Cosmo Crawley

Personal information
- Full name: Cosmo Stafford Crawley
- Born: 27 May 1904 Chelsea, London, England
- Died: 10 February 1989 (aged 84) Westminster, London, England
- Batting: Right-handed
- Bowling: Right-arm medium
- Relations: Aidan Crawley (brother) Charles Crawley (cousin)

Domestic team information
- 1923: Hampshire
- 1924–1925: Oxford University
- 1929: Middlesex

Career statistics
| Competition | First-class |
| Matches | 6 |
| Runs scored | 243 |
| Batting average | 22.09 |
| 100s/50s | –/2 |
| Top score | 81 |
| Catches/stumpings | 1/– |
- Source: Cricinfo, 8 December 2009

= Cosmo Crawley =

English cricketer, rackets player, and real tennis player

Cosmo Stafford Crawley (27 May 1904 – 10 February 1989) was an English first-class cricketer, rackets and real tennis player.

==Early life and cricket==
Crawley was the eldest son of Arthur Stafford Crawley, then a curate at St Luke's, Chelsea. He was educated at Harrow School, where he played for the school cricket team against Eton and Winchester, with him heading the averages in 1922. From there, he matriculated to Magdalen College, Oxford. He played one first-class cricket match for Hampshire against Oxford University at Oxford in 1923. The following season, he played once for Oxford University against Middlesex, in addition to playing for the Free Foresters against Oxford University. In 1925, he made a further two appearance for Oxford University against Leicestershire. He would later make two further first-class appearances, playing for the Harlequins in 1927, and for Middlesex in 1929, with Oxford University the opponents in both matches; all six of his first-class appearances thus came either for or against Oxford University.

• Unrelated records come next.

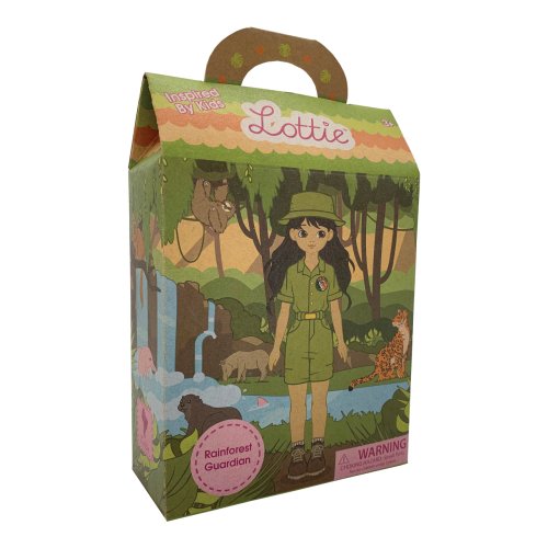 So svojim ďalekohľadom a lupou je pripravená skúmať a strážiť dažďový prales, ktorý je domovom mnohých ohrozených zvierat a rastlín. Príroda predsa poskytuje toľko dobrodružstiev, preto ju treba chrániť. V spolupráci s organizáciou Rainforest Trust prichádza kolekcia Lottie s bábikou, ktorá deti prostredníctvom sady kartičiek prevedie vzácnou Amazonskou prírodou. Ako ostatné bábiky z oceňovanej kolekcie Lottie je aj táto realistická a snaží sa deti naučiť úprimnému pohľadu na svet. Lottie sú navrhnuté a zvlášť prispôsobené malým detským rúčkam, majú pohyblivé kolená a sú vyrobené z prémiového mäkkého vinylu a nylonu, bez použitia ftalátov. Každá bábika je dodávaná v atraktívnej farebnej kartónovej taštičke s plastovým priehľadom a uchom. Hlavné vlastnosti: kĺbová bábika s pohyblivými kolenami, perfektná pre predstavivú hruprémiové nylonové vlasy sú hebké na dotyk a nezamotávajú sepanenka z vinylu bez obsahu ftalátov, mäkká na dotekpanenka má snímateľné topánky a stoja samostatne hnedé vlasy a hnedé očimilované všetkými deťmi, vhodné od 3 rokov bábika vo veľkosti 18 cm Balenie obsahuje: Lottie, milovníčky zvierat a strážkyne parku, vybavená zelenou kombinézou s opaskom, bielymi ponožkami, hnedými topánkami a klobúčikom ďalekohľad, lupa a 10 zberateľských kartičiek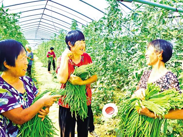 ②大棚内,摘完豆角的几位大娘开心交谈。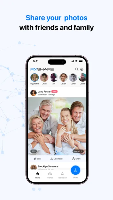 Effortlessly share life's memorable moments with PixShare. This innovative app automatically scans your photo library, detects faces, recognizes friends, and shares your treasured pics so you can relive experiences together.

In his six matches at first-class level, Crawley scored 243 runs at an average of 22.09, with one half century.

==Rackets and real tennis==
Crawley played rackets while at Harrow School, and both rackets and real tennis while studying at Oxford. He won the British amateur rackets doubles championship in 1936 and 1937 with J. C. F. Simpson, and in 1939 and 1946 with John Pawle. He and Pawle also won the 1939 amateur real tennis doubles, beating the 3rd and 4th Lord Aberdares, then aged 54 and 20, in the final. He also captained the English rackets team against the United States in 1947, in addition to winning the Canadian Championship doubles with Pawle. Writing in The Times after Crawley's death, Alec Douglas-Home noted that "In the doubles he was master of all the arts of this fastest of ball-games".

==Later life and death==
Crawley joined the insurance broking firm of C.T. Bowring & Co. in 1925 and was a director 1934–67 and a consultant to the firm 1967–73. He was an underwriting member of Lloyd's. At the outbreak of the Second World War, he was given an emergency commission as a second lieutenant in the Coldstream Guards, serving until 1945. Crawley died at Westminster in February 1989. His brother, Aidan, was a first-class cricketer and politician. His cousin, Charles Crawley, was also a first-class cricketer.